Na sua busca por respostas à falta de grandes inovações tecnológicas no nosso continente, Andrés identificou que não foi por falta da presença do estado que fracassamos. Recentemente, muitos presidentes latinos inauguraram os chamados parques científicos e tecnológicos. Já existem 22 no Brasil, 21 no México, 5 na Argentina e 5 na Colômbia. No entanto, o resultado efetivo desse esforço deixa a desejar. Segundo estudos mais recente, estes parques viraram projetos imobiliários - com reduzida contribuição na área da inovação. O próprio Banco Interamericano de Desenvolvimento - BID, concluiu: "
en América Latina las politicas de los parques científicos y tecnológicos están lejos de conseguir sus objetivos".

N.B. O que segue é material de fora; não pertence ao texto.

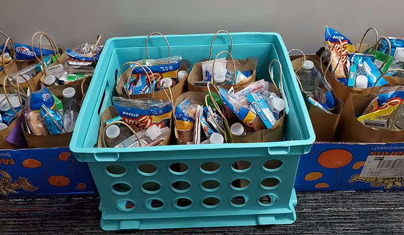 After brainstorming, the students voted to purchase several food and household items to give to those in need through the Salvation Army. The items, which were stuffed into the student-decorated goodie bags, included bottled water, bandages, wipes, hand sanitizer, toothbrushes, toothpaste, granola bars, candy, and other food items.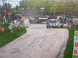 Khi đang chạy qua đường ray, chiếc xe bán tải bất ngờ bị đoàn tàu tông trúng, kéo lê khoảng 100m. Sự việc xảy ra tại tỉnh Sa Kaeo, Thái Lan.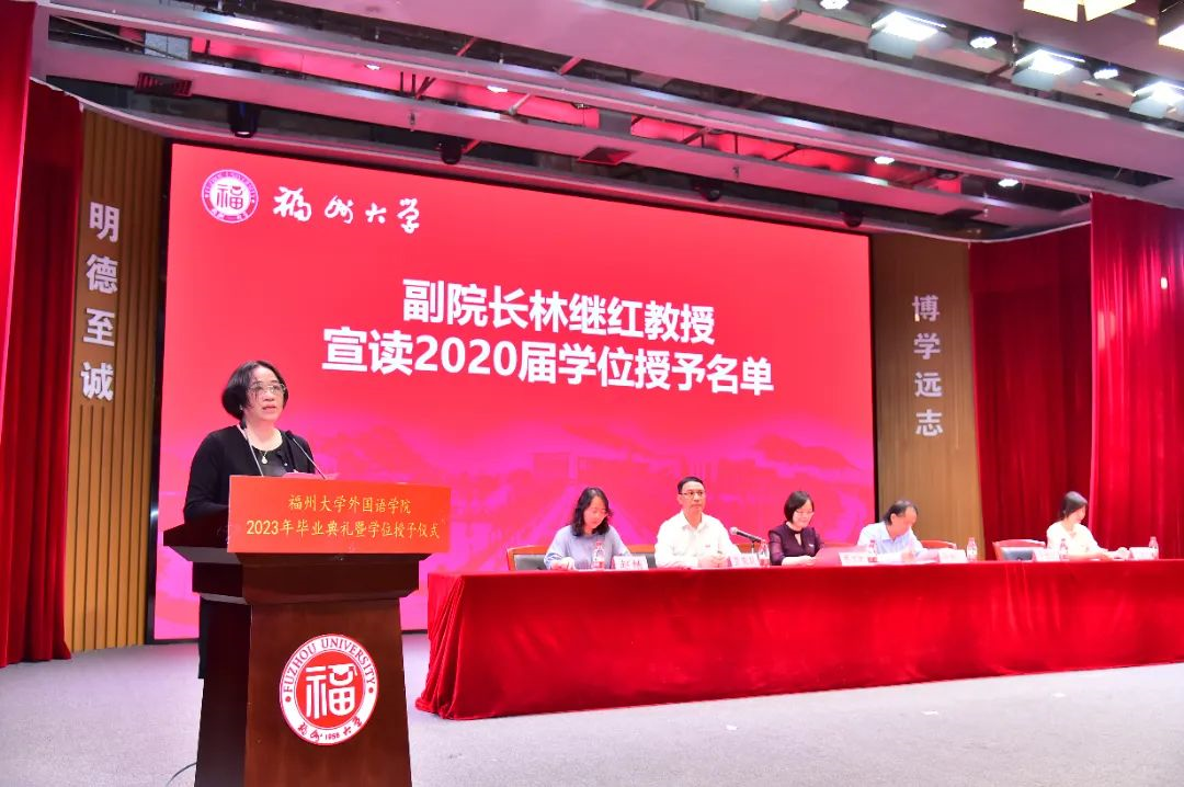 首先林继红副院长宣读2020届抗疫先进个人名单、2020届及2023届授予学位名单、优秀毕业生名单、班级联络员名单,并为2020届抗疫先进个人、2023届优秀毕业生、毕业生班级校友联络员颁发荣誉证书。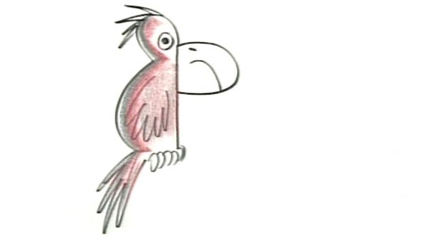 ③:接着画出向上再向下的弧线,这是它的头,紧接着弧线向下是他的身体。在底部画出它的羽毛,一排小小的脚;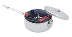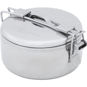 Stainless steel pot stands up to heavy use and offers a high quality, durable option in cookware. They’re perfect for scouts and emerging campers, as well as budget-minded travelers.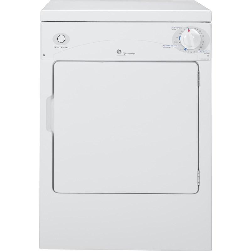 GE Spacemaker® 3.6 cu.ft. capacity portable electric dryer with 3 dry cycles, 3 heat selections, DuraDrum™ interior and Quiet-By-Design™ technology.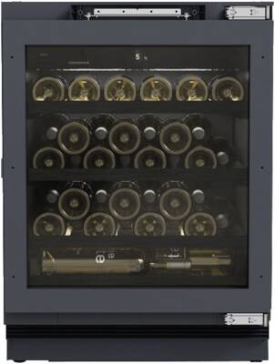 Inbouw wijnkoelkast, Thermostaat kast, Geschikt voor onderbouw, 107 l Inhoud, Temperatuurzones: 1, regelbare koelcircuits: 1, Digitale temperatuurweergave, legvlakken: 4, 4, Binnenverlichting, LED, Schakelbaar, Dimbaar, Glazen deur, Smart Device geintegreerd, Via app ondersteunde gegevensoverdracht, Via app te bedienen, Energieklasse F, netto breedte: 59,7 cm, netto hoogte: 81,9 cm, netto diepte: 53,6 cm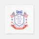 This patriotic bridal shower paper plate design features a watercolor crest with a light red white and blue patriotic crest with American flags and a blue bow. Text in the center of the crest says "Red, white and I do."

Se não foi por falta de apoio estatal, o que vem impedindo de avançarmos? A resposta só podia estar num lugar - o Vale do Silício, na Califórnia. Para descobrir o segredo do êxito do projeto, que se tornou referencia mundial pela concentração de empresas de ponta na área da tecnologia, Andrés procurou Vivek Wadhwa, vice-presidente de inovação da Singularity University, um dos mais renomados centros de estudo sobre inovação tecnológica do mundo.
Num prédio antigo, sem luxo, onde são realizadas as principais conferências sobre as últimas novidades de robótica, nanotecnologia, exploração espacial, ciberrmedicina e outras disciplinas do futuro, Andrés encontrou Wadhwa - um cordial indiano que chegou muito jovem nos EUA. Um guru da inovação tecnológica, Vivek Wadhwa escreve regularmente para
The Wall Street Journal e The Washington Post.
Quando indagado por Andrés, sobre qual o segredo do vale do Silício, a resposta veio em três palavras: "
es la gente - respondió".
"O segredo do Vale do Silício não tem nada a ver com o governo, nem com os incentivos econômicos, nem com os parques tecnológicos, nem com os parques científicos, nem com nada disso, que é uma perda de dinheiro que não serve para nada. O segredo é o tipo de gente que se encontra aqui". Vivek Wadhwa.